A bucket 3/4 full of water is a good catch for rats.  Put a 5 gallon bucket in your garden and fill it 3/4 full of water.  If you check it often you can get rid of the rats before they drown but you'll have to be able to "take care" of them yourself.  I wouldn't want to use poison around your garden and snap traps are hit miss and glue traps are extremely messy.


----------



## CochinBrahmaLover=) (Aug 18, 2012)

elevan said:
			
		

> stitchcounting said:
> 
> 
> 
> ...


I thoght you put a string with some peanut butter on it and when they try to eat it they fall?


----------



## stitchcounting (Aug 18, 2012)

CochinBrahmaLover lol im gonna look but im not on the desktop im on my moms laptop  in the kitchen lol.
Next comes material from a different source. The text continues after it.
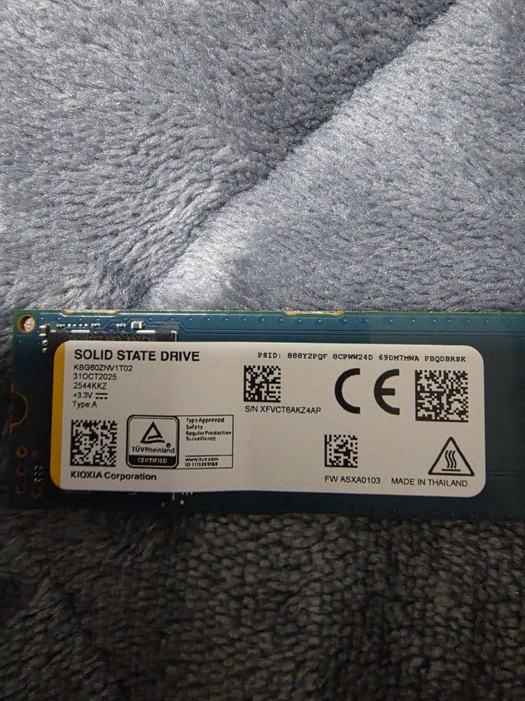 키오시아(구 도시바)의 최신 6세대 BiCS FLASH가 탑재된 고성능 PCIe 4.0 SSD입니다. ASUS 젠북 듀오 2026 어제 받고 바로 업글하면서 빼둔거라 신품에서 적출한 미사용 제품 모델명: KIOXIA KBG60ZNV1T02 (BG6 시리즈) 용량: 1,024GB (1TB) 인터페이스: PCIe Gen4 x4 (NVMe 1.4c 지원) 폼 팩터: M.2 2280 전송 속도: * 순차 읽기: 최대 6,000 MB/s 순차 쓰기: 최대 5,300 MB/s HMB 지원: HMB(Host Memory Buffer) 기술을 통해 시스템 메모리를 캐시로 활용하여 빠른 속도 유지 저전력/저발열: 전력 효율과 발열 관리가 뛰어남 제조일자: 2025년 10월 31일 (최신 제조)
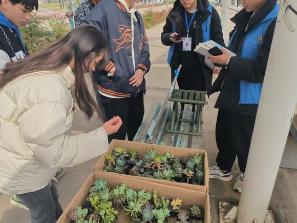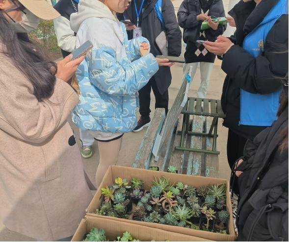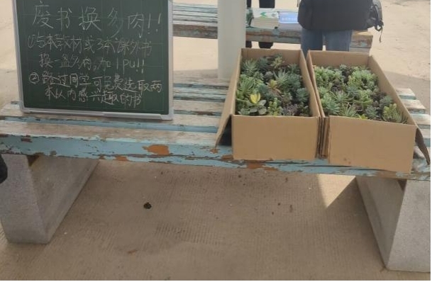 旧书换多肉环节开始前,公寓部成员在活动群内发布群公告,提示具体要求并提前将活动所需绿植和告示板放置在合适位置等待参与活动的同学到来。

Elevan- thanks for the tips ! 

i dont really wanna deal with em ... maybe drop em off in the local park  
ik i can get traps from the building cleaning lady imma ask her when ever i see her . the wire traps i mean


----------



## CochinBrahmaLover=) (Aug 18, 2012)

Lol, well, I'll be waiting!


----------



## elevan (Aug 18, 2012)

CBL - I don't use anything for bait.  They need water and food...the food source is obviously the garden.  You make sure that you only fill 3/4 full so that they have to lean in to drink 9 out of 10 times they'll fall in, then they won't be able to get out.


----------



## CochinBrahmaLover=) (Aug 18, 2012)

Oh, OK, I understand now!


----------



## stitchcounting (Aug 18, 2012)

Pet Picsss

Max 






Russia





Milo





 Bugsy as a lil baby





 Brooklyn my fav shes so sweet
[imghttp://farm9.staticflickr.com/8306/7812625112_b547b0604e_m.jpg][/img]

Panda ms sassy pants





Nemui


----------



## stitchcounting (Aug 18, 2012)

elevan said:
			
		

> CBL - I don't use anything for bait.  They need water and food...the food source is obviously the garden.  You make sure that you only fill 3/4 full so that they have to lean in to drink 9 out of 10 times they'll fall in, then they won't be able to get out.
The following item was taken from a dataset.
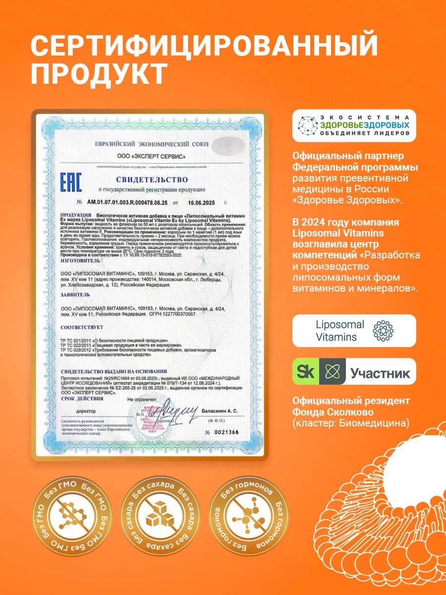 Liposomal Vitamin E, флакон 50 мл

ha like that idea why hot water though?


----------



## Royd Wood (Aug 18, 2012)

Love guinea pigs esp that little grunt they make - welcome by the way 
I have to say your avatar is well erm looks like your about to tell me how things really are


----------



## stitchcounting (Aug 19, 2012)

Royd Wood said:
			
		

> Love guinea pigs esp that little grunt they make - welcome by the way
> I have to say your avatar is well erm looks like your about to tell me how things really are


i think im about to kill the joke but ummm i dont get it


----------



## Bridgemoof (Aug 19, 2012)

Hi Stitch,

I love your guinea pig pictures. They are soo cute! We had one when I was a kid. Makes me want one again but we already have too many animals!
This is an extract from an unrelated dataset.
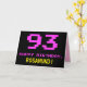 Le devant de cette carte de voeux amusante, nerveuse et geeky à thème d'anniversaire comporte un grand numéro "93" et le message "HAPPY BANTHDAY," couleur rose, avec un nom de destinataire jaune gras personnalisable. Le texte a un look inspiré de celui de jeu vidéo 8 bits classique et de graphismes de jeux informatiques des années 1970 et 1980, et l'arrière - plan est noir de couleur. L'intérieur comporte un message de voeux d'anniversaire modifiable, ou peut-être pourrait-il être effacé et laissé vide si un message doit être écrit à la main à la place. Une carte d’anniversaire personnalisable comme celle-ci pourrait être une façon amusante de célébrer le quatre-vingt-treizième anniversaire de quelqu’un. [~Z0000478]
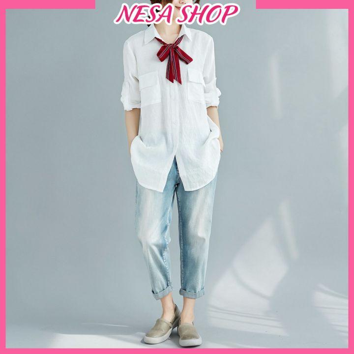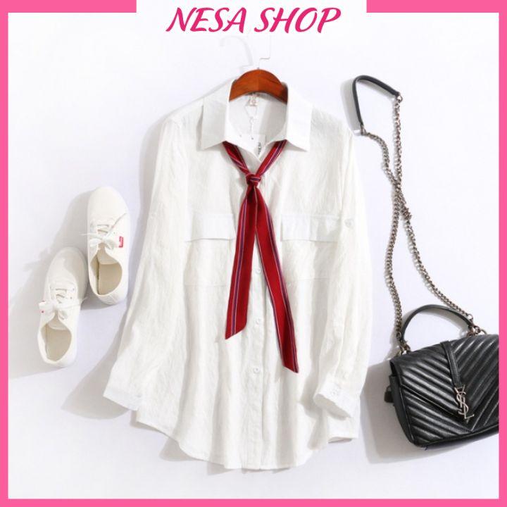 1.Tên sản phẩm: Áo sơ mi nữ trắng dài tay, áo form rộng, chất liệu Đũi tơ mềm mịn, sơ mi nữ đẹp phong cách Hàn Quốc NeSa Shop.

Have fun at the ferret thing. Ferrets are fun but are a lot of work. My sister has a ferret rescue group in Baltimore/Washington Dc area and so many people give up their ferrets because they can't handle them. They have a lot of health problems, and get into a lot of bad things all the time that can hurt them! My sister has about 8 ferrets of her own at her house now. She's just crazy about them! Her whole house is ferret-proof so they can run around all the time and not get into trouble.


Sounds like your garden is doing great. Post some pictures!


----------



## elevan (Aug 19, 2012)

stitchcounting said:
			
		

> elevan said:
> 
> 
> 
> ...


Hot water?  Did I say hot?  If I did then I didn't mean it    Just regular cool water.


----------



## Pearce Pastures (Aug 19, 2012)

Not a GP fan but that Panda is so cute!  i am loving your journal---neat to hear about someone who likes the farm life and is trying to make it happen in the city.


----------



## BrownSheep (Aug 19, 2012)

Ferrets are illegal...That is rather depressing.. Good luck with your urban homestead !
If you have enough room for a garden you have enough room for CHICKENS! Ps I believe they are legal in NYC.


----------



## stitchcounting (Aug 19, 2012)

BrownSheep said:
			
		

> Ferrets are illegal...That is rather depressing.. Good luck with your urban homestead !
> If you have enough room for a garden you have enough room for CHICKENS! Ps I believe they are legal in NYC.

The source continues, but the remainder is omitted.